Does anyone have any experience of screen scraping from sites that use
frames? Am I missing something obvious?

Alex Gutteridge
Bc6d88907ce09158581fbb9b469a35a3?d=identicon&s=25 james_b (Guest)
on 2005-11-30 03:16
(Received via mailing list)
AlexG wrote:
> Hi,
>
> I'm trying to do some screen scraping from a site using frames.

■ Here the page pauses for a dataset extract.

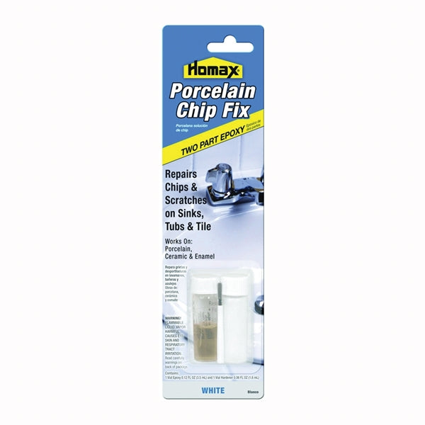 Chips or scratches in your kitchen or bathroom fixtures are unsightly and make a beautiful surface look old and worn-out. Homax® porcelain chip fix repairs the damaged surfaces of your sinks, tubs and tile. The easy-to-use two-part epoxy works on porcelain coated metals, ceramic and enamel surfaces. The self leveling formula produces a high gloss, lustrous, porcelain-like finish. Use Homax® porcelain chip fix to fill and repair unsightly chips and scratches.

Using
> WWW::Mechanize gives back an 'error' page from the site rather than the
> data I wanted:
>

This is the content of the frame page.  It, in turn, fetches other pages
and loads them into its frames.  Browsers that do not support frames see
the content in the noframes element.

If you want to snarf a framed page, you'll need to treat each framed
items as the separate HTML pages that they are.

Here it appears to be the pages flat_navigation.php4?ecno=1.2.1.12 ,
flat_head.php4?ecno=1.2.1.12&organism=  and
flat_result.php4?ecno=1.2.1.12&organism%5B%5D= .

You'll  need to supply the complete URL of course.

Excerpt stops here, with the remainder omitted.